• INFORMATION PROVIDED
*****
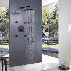 Wall Mount Thermostatic Shower Faucet Set With 12’’ Shower Head And 4 Body Spray Jets RB1114
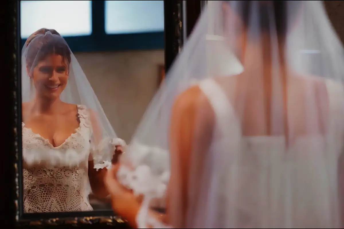O vestido de noiva, delicado e marcante, chama a atenção logo nas primeiras imagens.
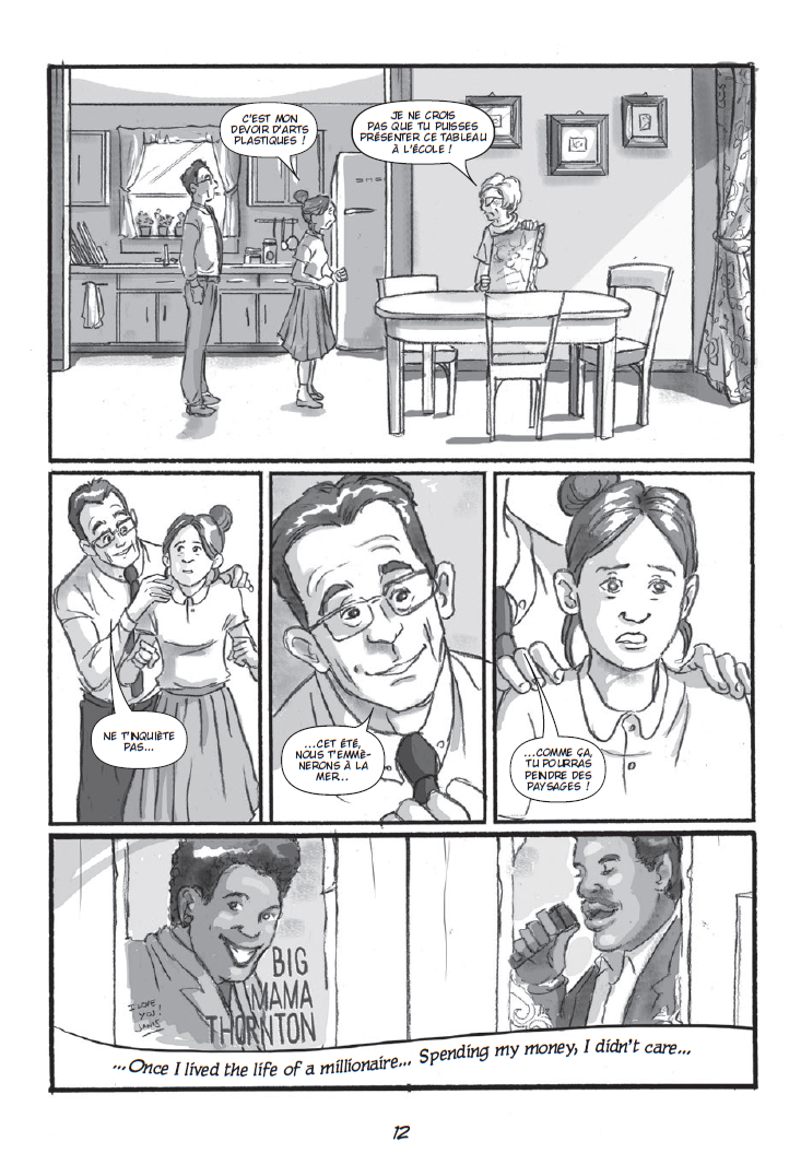 Sous le crayon de Giulia Argnani, cet album en noir et blanc, nous trace le portrait d’une femme et d’une chanteuse/musicienne dont le destin flamboyant rencontra l’histoire américaine des années cinquante et soixante : féminisme, mouvement gay, lutte pour les droits civiques, hédonisme hippie et excès en tous genres…
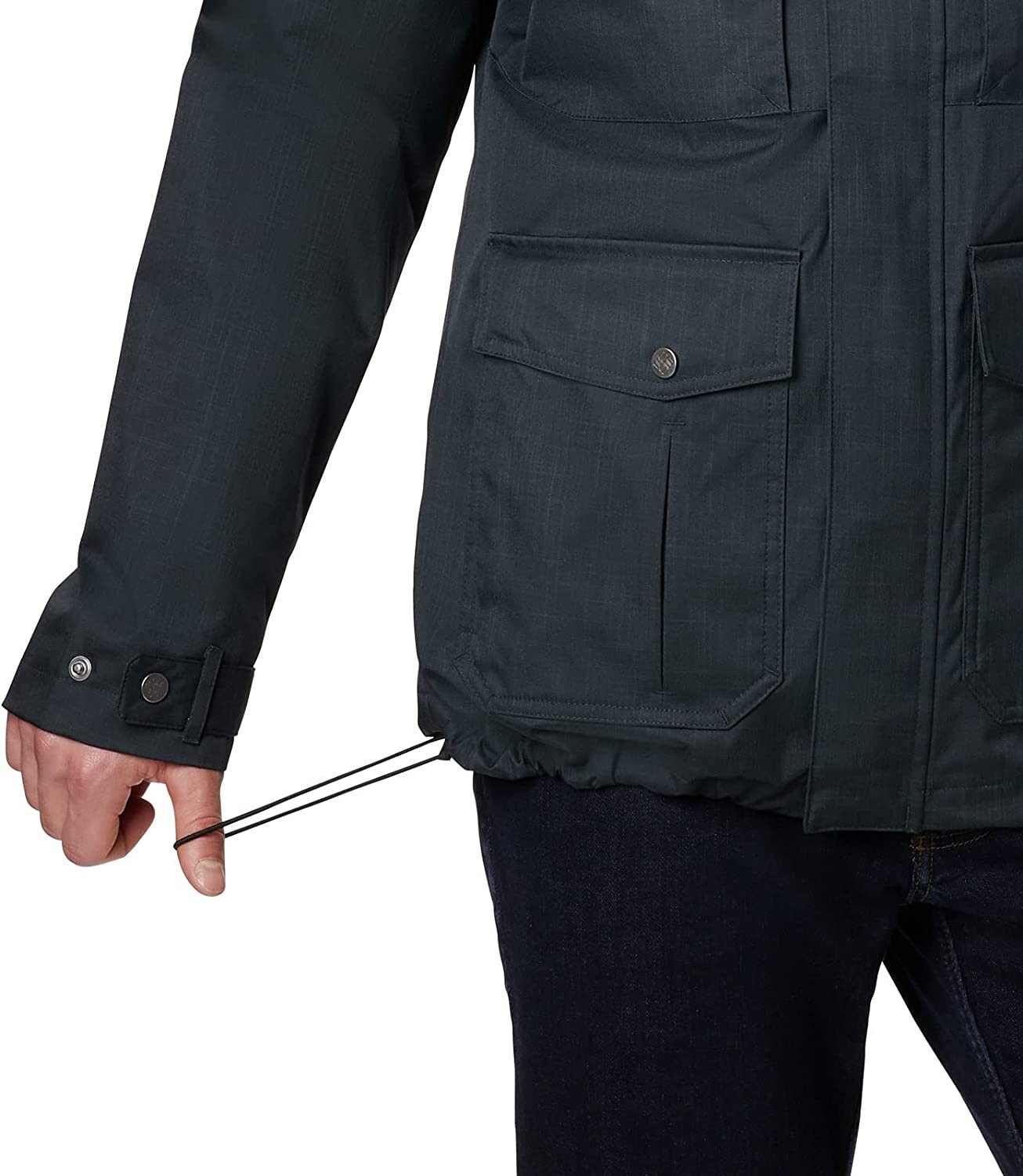 HANDY FEATURES: Incorporating a removable drawcord adjustable hood, zippered chest pockets, dual entry hand pockets, adjustable cuffs, and a drawcord adjustable hem — all ensure full wind, rain, and snow weather protection
*****
• PROMPT
Would you return the material exactly, images excluded?

• SOLUTION TO THIS PROBLEM
 Wall Mount Thermostatic Shower Faucet Set With 12’’ Shower Head And 4 Body Spray Jets RB1114
O vestido de noiva, delicado e marcante, chama a atenção logo nas primeiras imagens.
 Sous le crayon de Giulia Argnani, cet album en noir et blanc, nous trace le portrait d’une femme et d’une chanteuse/musicienne dont le destin flamboyant rencontra l’histoire américaine des années cinquante et soixante : féminisme, mouvement gay, lutte pour les droits civiques, hédonisme hippie et excès en tous genres…
 HANDY FEATURES: Incorporating a removable drawcord adjustable hood, zippered chest pockets, dual entry hand pockets, adjustable cuffs, and a drawcord adjustable hem — all ensure full wind, rain, and snow weather protection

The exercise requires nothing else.